Mme du Motteville, qu’il ne faut jamais se lasser d’étudier et de citer quand on veut connaître et établir la vérité, après avoir marqué le motif principal qui fit rechercher Mme de Longueville à La Rochefoucauld, ajoute : « Dans[1] tout ce qu’elle a fait depuis, on a connu clairement que l’ambition n’était pas la seule, qui occupoit son ame, et que les intérêts du prince de Marcillac y tenoient une grande place. Elle devint ambitieuse pour lui, elle cessa d’aimer le repos pour lui, et, pour être sensible à cette affection, elle devint trop insensible à sa propre gloire Les vœux du prince de Marcillac, comme je l’ai dit, ne lui avoient point déplu, et ce seigneur, qui étoit peut-être plus intéressé qu’il n’étoit tendre, voulant s’agrandir par elle, crut lui devoir inspirer le désir de gouverner les princes ses frères… »
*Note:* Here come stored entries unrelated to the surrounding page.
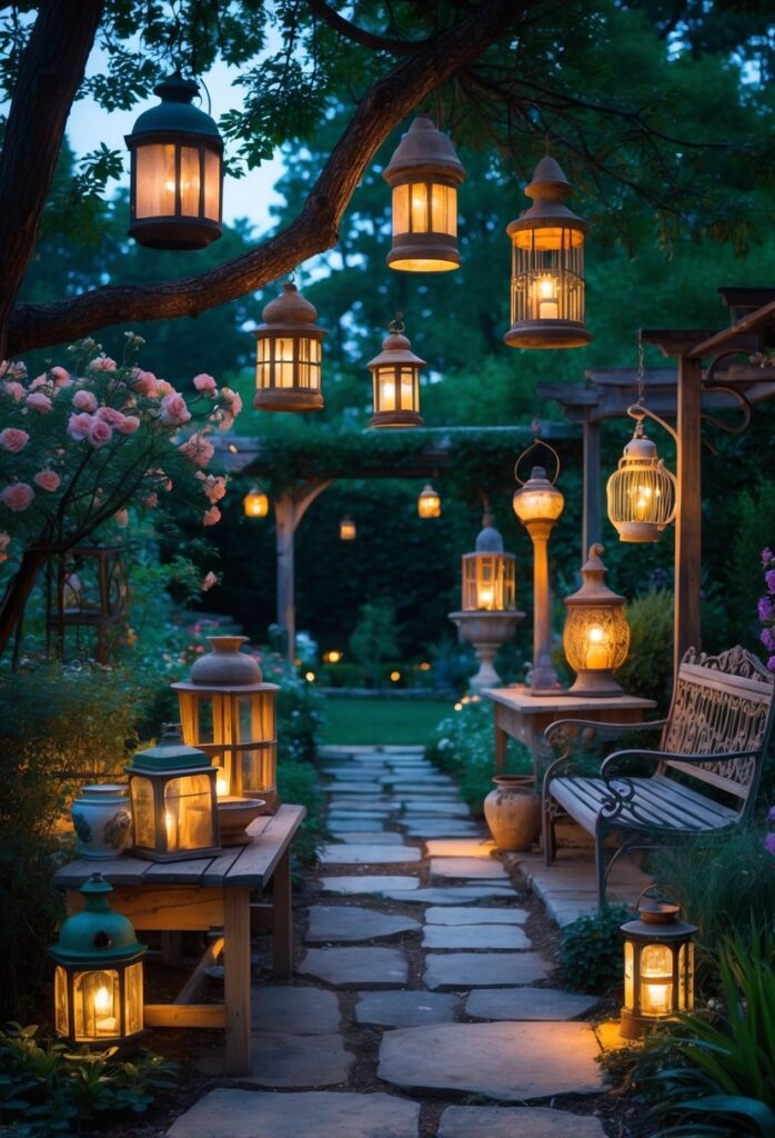 Antique lanterns bring a gentle, warm light to any garden. They create a calming atmosphere, perfect for relaxing evenings outside. Hanging lanterns from tree branches or placing them on tables adds charm and function.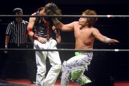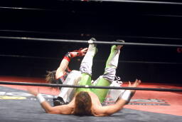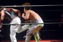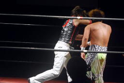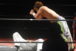 対角線コーナーのターンバックルにぶつけ、セカンドコーナーからのミサイルキック(右写真)、カウント2。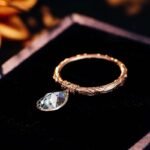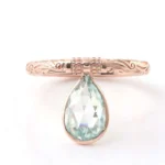 This unique green moissanit ring features floral engraved details on the ring arm, adding a touch of elegance to the overall design. Designed with innovation in mind, this ring allows the pear-cut green moissanite to rotate coaxially. This dynamic feature adds a modern twist to the classic design, showcasing the stone from different angles and further enhancing its sparkle.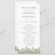Eucalyptus Grönt Vattenfärg & Guld Bröllopsprogram Meny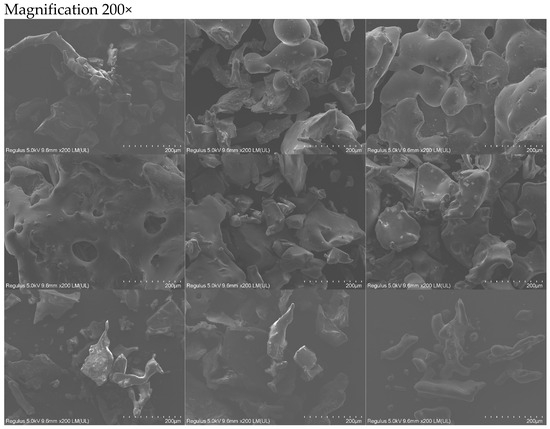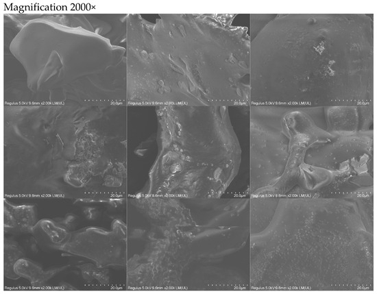 The morphology of the digestion products was observed via SEM. The product powder was immobilized on a conductive adhesive with a voltage of 5.0 kV, a lens height of 9.8 mm, and magnifications of 200×, 500×, 1000×, and 2000×.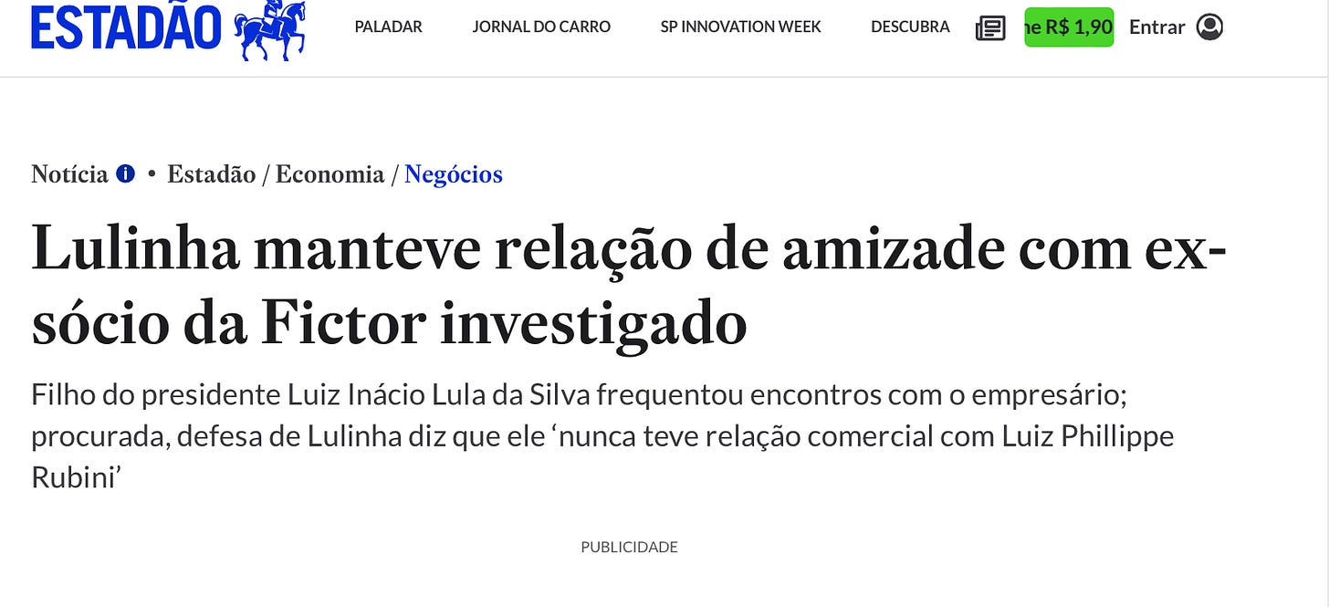 A Fictor tá envolvida no escândalo do Banco Master. Sim, é um escândalo entrando no outro. Os amigos de Lulinha também são amigos dos amigos de Vorcaro.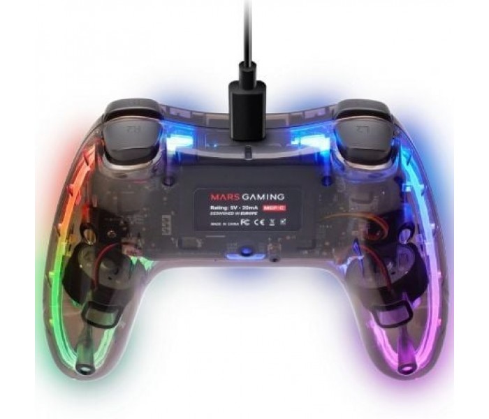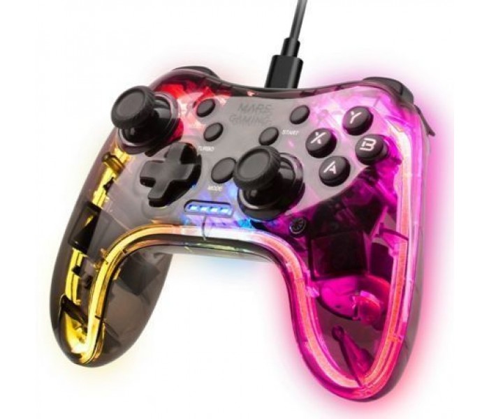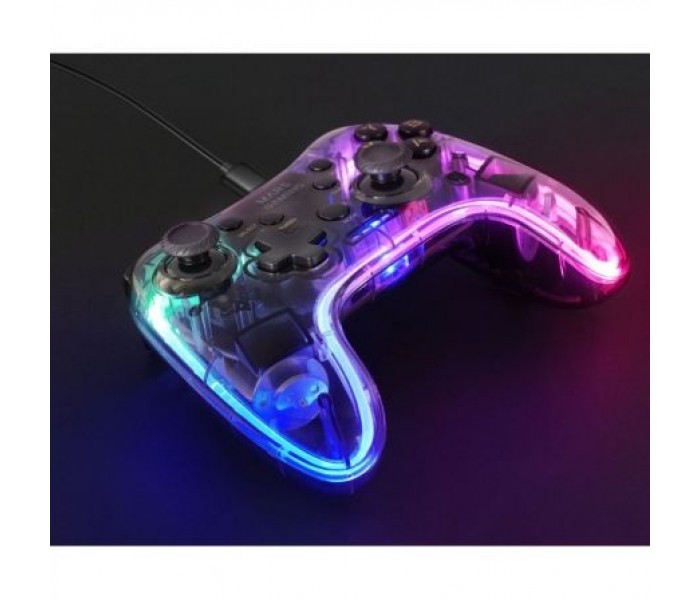 Gamepad profesional con un espectacular diseño translúcido negro e iluminación NEÓN RGB. Sistema de vibración háptica dual, cable extraíble USB-A / USB-C y compatibilidad superior multiplataforma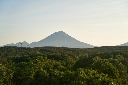 Scenic view of the Avachinsky Volcano, Kamchatka Peninsula, Russia.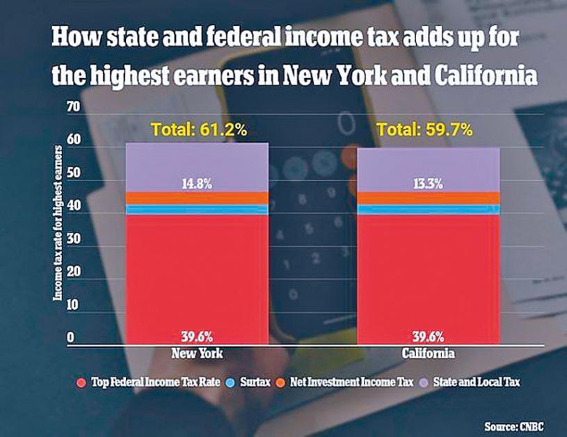 根據眾議院民主黨人提出的加稅方案,紐約市的最高收入人群,若將聯邦稅、州稅及市稅加起來,將可能面對要繳交高達61.2%的稅率。而在加州該稅率也將達59.7%(見圖)。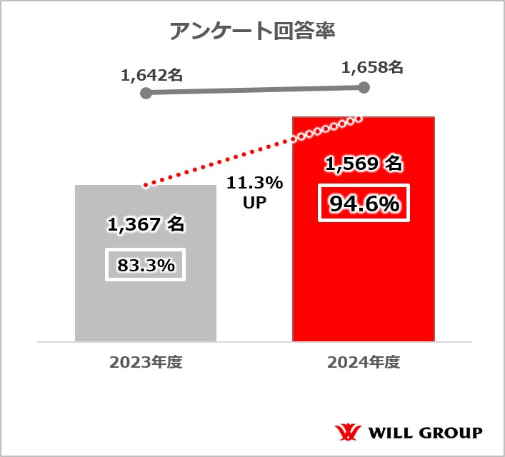 ▋働きがいアンケートの回答率が83%→94%へ向上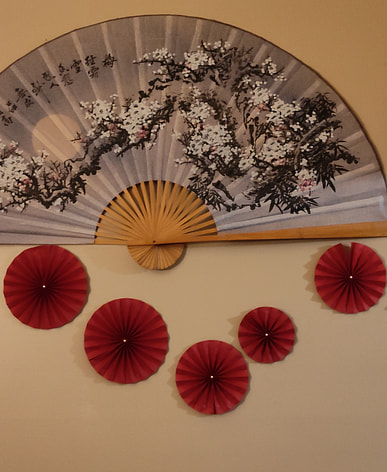 Paper cutouts, often in red, are used as window decals and portray various themes of good fortune, happiness, wealth etc.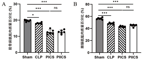 为了校正体重变化对肌肉质量的影响,计算了肌肉湿重与体重的百分比。与Sham组相比,CLP组、PICS组和PIICS组小鼠的胫骨前肌与腓肠肌质量占体重百分比均显著下降(P < 0.05)。相似地,与CLP组相比,PICS组和PIICS组出现了更为严重的肌肉丢失(P < 0.05),而PICS组与PIICS组之间差异无统计学意义(P > 0.05)。见图 5。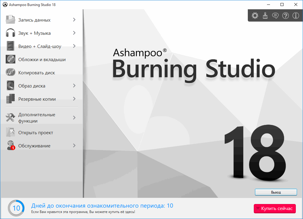 В таком случае рекомендуется обратить внимание в сторону профессионального ПО, разработанного специально для этих задач. В данном случае речь пойдёт об Ashampoo Burning Studio
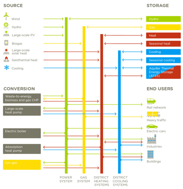 Ramboll公司發(fā)文介紹,能源系統(tǒng)由四個能源載體組成:電力系統(tǒng)、燃?xì)饩W(wǎng)絡(luò)、區(qū)域供熱網(wǎng)絡(luò)和區(qū)域冷卻網(wǎng)絡(luò)。傳統(tǒng)上,這四個能量載體是分開運行的。然而,在綠色能源比例不斷增加的情況下,將四種能源載體的各個要素連接起來并利用它們各自的優(yōu)勢,可以建立起能源系統(tǒng)所需的靈活性。在未來的能源系統(tǒng)中,以智能耦合打通四大能源載體,可提供更清潔、更廉價的能源服務(wù)。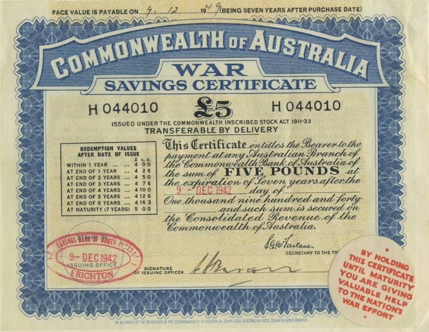 The Great Depression reached Australia’s shores and the impact was profound. Australia’s unemployment reached a peak of 32 percent in 1932. The outbreak of war in 1939 meant the government of the time needed to raise funds quickly to pay for supplies. In a depression with people barely able to afford food and basic supplies for life, funds were not going to be easily forthcoming. The Australian Government created a means for the public to support the war effort that would also benefit the people at the same time: war saving certificates. These were bonds that could be purchased for very little money but redeemed after seven years for the amount printed on the certificate. These could be bought for as little as sixteen shillings (approximately $19.64 AUD today) but could then be cashed in for £5 (or $613 in today's Australian money) by purchasing the certificates and then holding them for a period of time.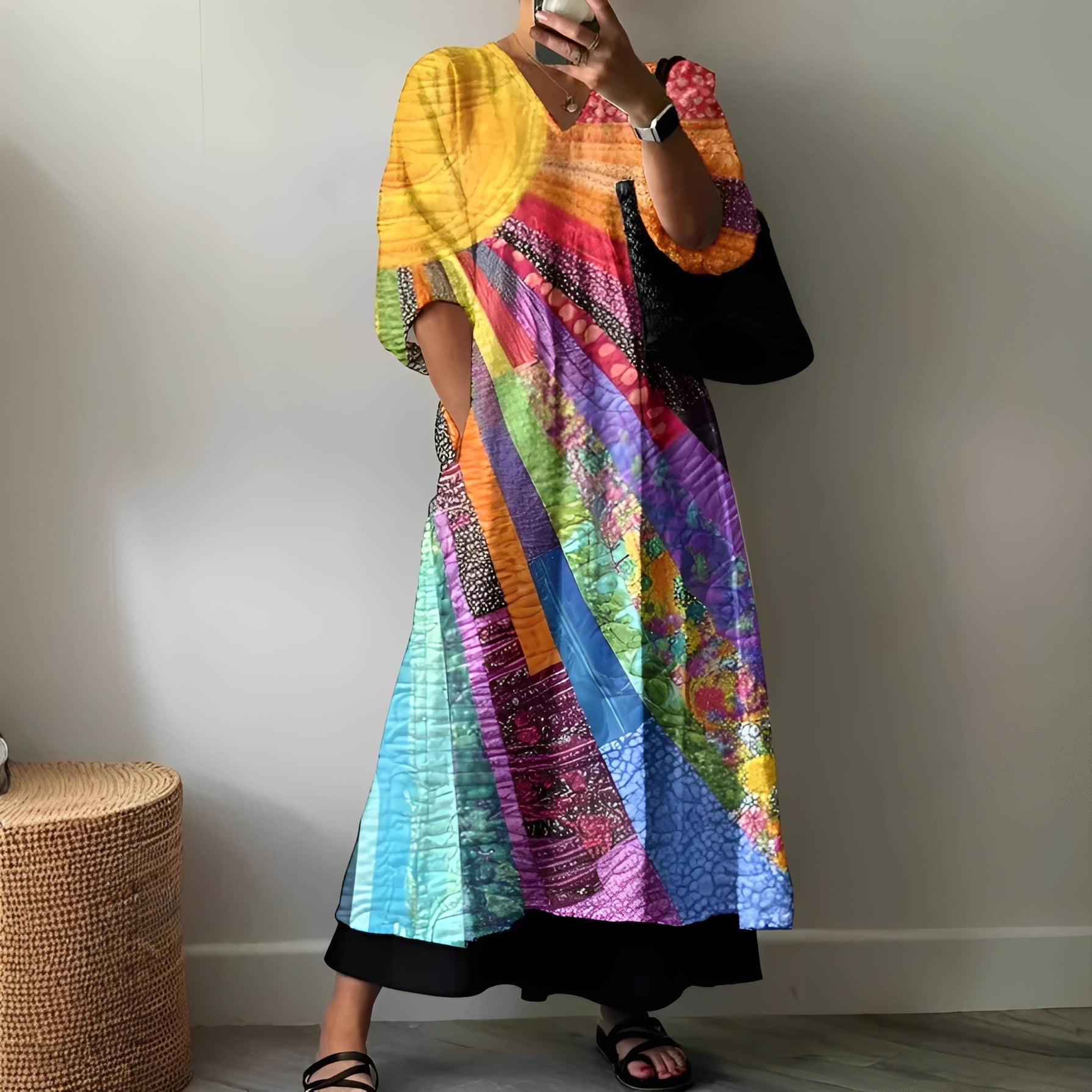 Värikäs ja mukava mekko, joka yhdistää leikkisän tyylin luonnolliseen eleganssiin.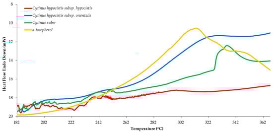 The thermal-oxidative decomposition of the pure extracts was studied using DSC. In comparison to the Rancimat method, DSC is concluded to be useful as a method employing milder conditions and a shorter time, which can be applied for the evaluation of the oxidative stability of samples containing volatile antioxidants and other lipid systems containing water [27]. An exothermic peak is observed in the range of 200 to 365 °C, related to the auto-oxidation process of the samples. Using the curves, the onset temperature (To) at which the auto-oxidation process begins is determined [28]. Cytinus taxa (C. hypocistis subsp. hypocistis, C. hypocistis subsp. orientalis, and C. ruber) showed the highest oxidative stability in the DSC method. Owing to the results of the statistical analysis (vide infra), more emphasis was placed on the extracts from the Rafflesiaceae family. The effects of the thermal profile of pure extracts (family Rafflesiaceae) compared to α-tocopherol are shown in Figure 1. The onset temperature (To) of the Rafflesiaceae family curves ranged from 300 to 335 °C and was similar to that of α-tocopherol (313 °C).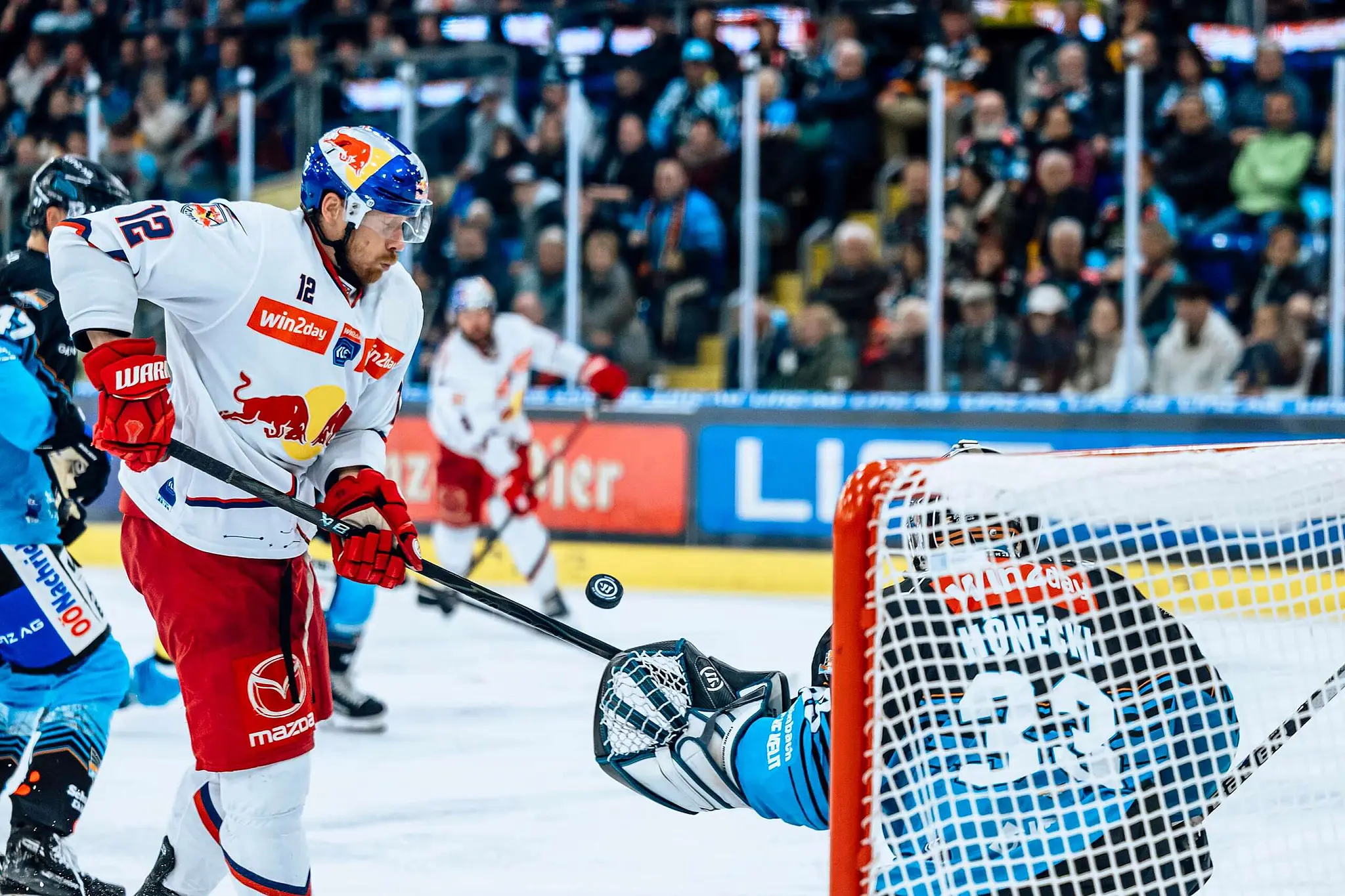 Die Partie von Meister Salzburg in Linz verlief ungeachtet des schlechten Saisonstarts der Linzer mit zuletzt fünf Pleiten in Serie ausgeglichen. Travis St. Denis erzielte nach perfekter Vorarbeit von Michael Raffl kurz vor Ende des ersten Abschnitts das 1:0 für die Gäste. Brian Lebler glich fünf Minuten nach Wiederbeginn aus. Im Schlussdrittel gelang Verteidiger Logan Roe (46.) die Führung für Linz, die aber nicht lange hielt. Benjamin Nissner (50.) stellte auf 2:2. In der Schlussphase waren die Black Wings mehrmals knapp dran am dritten Treffer, dieser glückte Travis Barron letztlich erst in der fünften Minute der Verlängerung.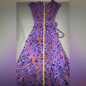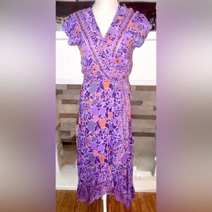 Turn heads in this stunning Sea Lustre wrap dress, featuring a vibrant purple base with orange and lavender floral patterns. The wrap silhouette flatters all body types with its adjustable tie waist, flowy short sleeves, and maxi length high/low hem. Lightweight and breezy, it’s perfect for both casual days and special occasions.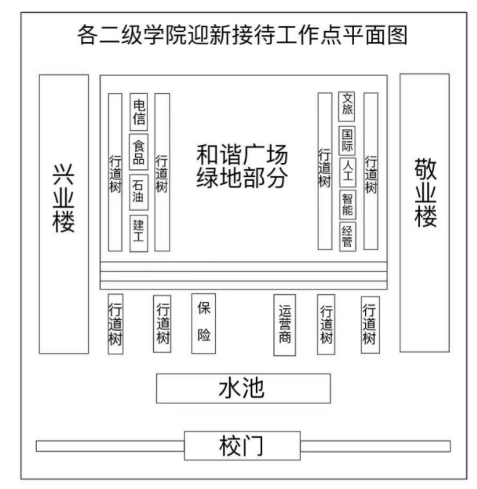 01步骤一抵达校园后,前往和谐广场(面向南门)各学院大本营,由学长学姐志愿者引导至所在学院报到点

Enfin Retz, qui a parfaitement connu tous les acteurs et toutes les actrices de la Fronde, et qui, sur cette époque, mérite, non pas du tout d’être cru sans réserve, mais d’être sérieusement écouté, termine le plus charmant éloge de Mme de Longueville par ces mots tant de fois répétés et qui contiennent le jugement véridique de la postérité : « Comme sa passion l’obligea de ne mettre la politique qu’en second dans sa conduite, d’héroïne d’un grand parti elle en devint l’aventurière[2]. »

Ou bien il faut renoncer à toute critique historique, ou de ces témoignages accumulés, et que nous aurions pu grossir encore de toute sorte de passages analogues, il faut tirer cette conclusion : 1° qu’avant sa liaison avec La Rochefoucauld, Mme de Longueville resta entièrement étrangère à toute intrigue politique ; qu’elle ne fut occupée que de bel-esprit et de galanterie, se laissant conduire absolument dans tout le reste par son père et par son frère ; 2° que ce n’est pas elle, comme on ne cesse de le répéter, qui jeta La Rochefoucauld dans la Fronde ; que, loin de là, c’est La Rochefoucauld, et La Rochefoucauld seul, qui peu à peu l’y engagea, de dessein prémédité et par intérêt ; 3° que la conduite de Mme de Longueville dans la Fronde doit être rapportée à La Rochefoucauld qui la gouvernait, et que la seule chose qui soit bien à elle est le caractère qu’elle déploya quand l’intrigue devint une tempête, quand il fallut payer de sa personne, jouer son honneur, son repos, sa fortune et sa vie, retenant encore sous la main d’un autre ce qu’elle ne pouvait jamais perdre, la hauteur de l’ame et la brillante énergie de la sœur du grand Condé.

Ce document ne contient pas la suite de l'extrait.